*DATASET CONTENT:*
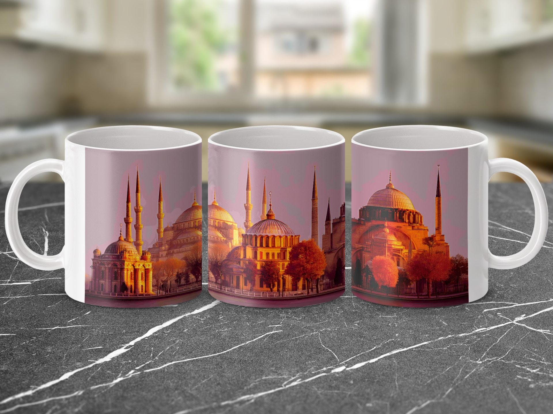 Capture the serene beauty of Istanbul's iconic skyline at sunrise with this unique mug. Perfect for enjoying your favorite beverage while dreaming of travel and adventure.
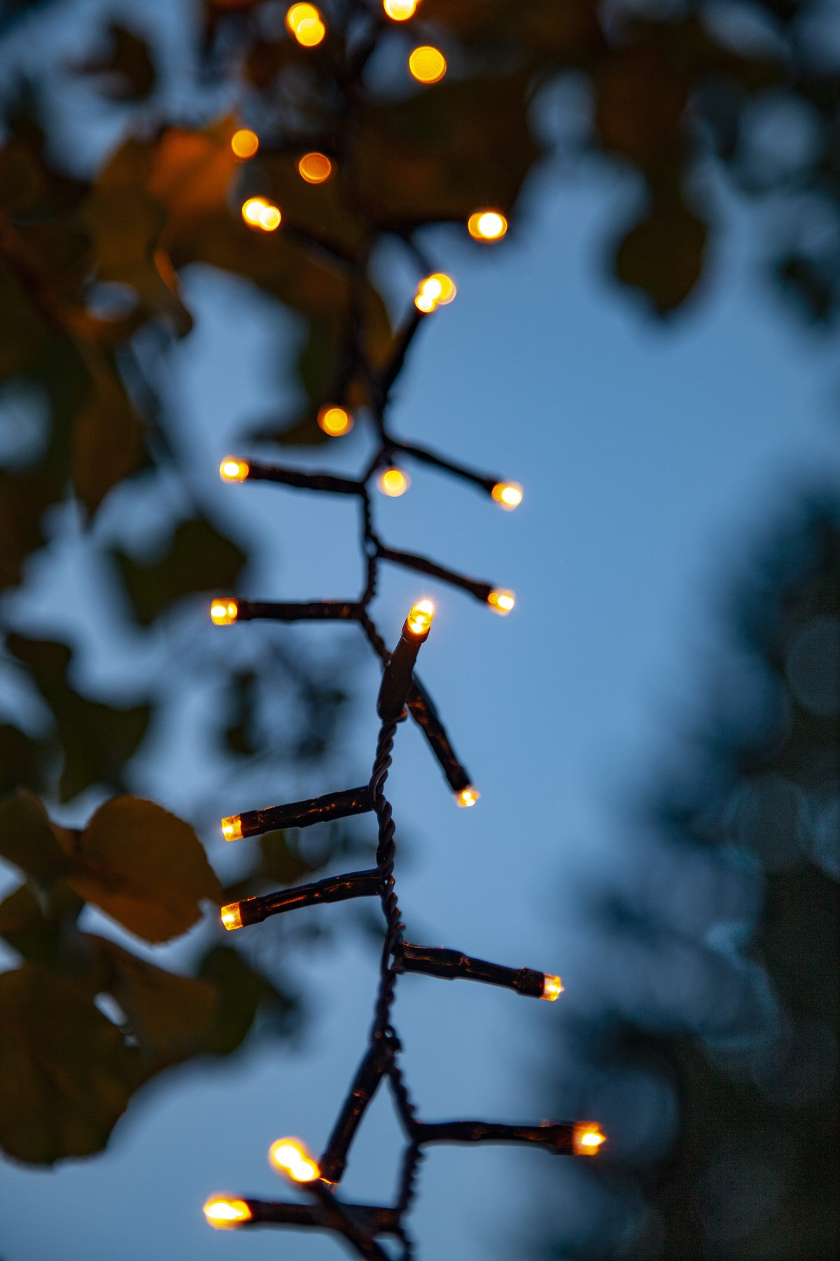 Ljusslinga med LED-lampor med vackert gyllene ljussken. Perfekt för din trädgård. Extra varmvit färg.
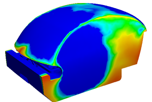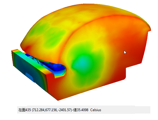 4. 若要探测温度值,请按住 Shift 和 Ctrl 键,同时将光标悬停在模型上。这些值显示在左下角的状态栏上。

*WHAT YOU NEED TO DO:*
Give the listing again exactly, excluding pictures.

*SOLVED EXERCISE:*
 Capture the serene beauty of Istanbul's iconic skyline at sunrise with this unique mug. Perfect for enjoying your favorite beverage while dreaming of travel and adventure.
 Ljusslinga med LED-lampor med vackert gyllene ljussken. Perfekt för din trädgård. Extra varmvit färg.
 4. 若要探测温度值,请按住 Shift 和 Ctrl 键,同时将光标悬停在模型上。这些值显示在左下角的状态栏上。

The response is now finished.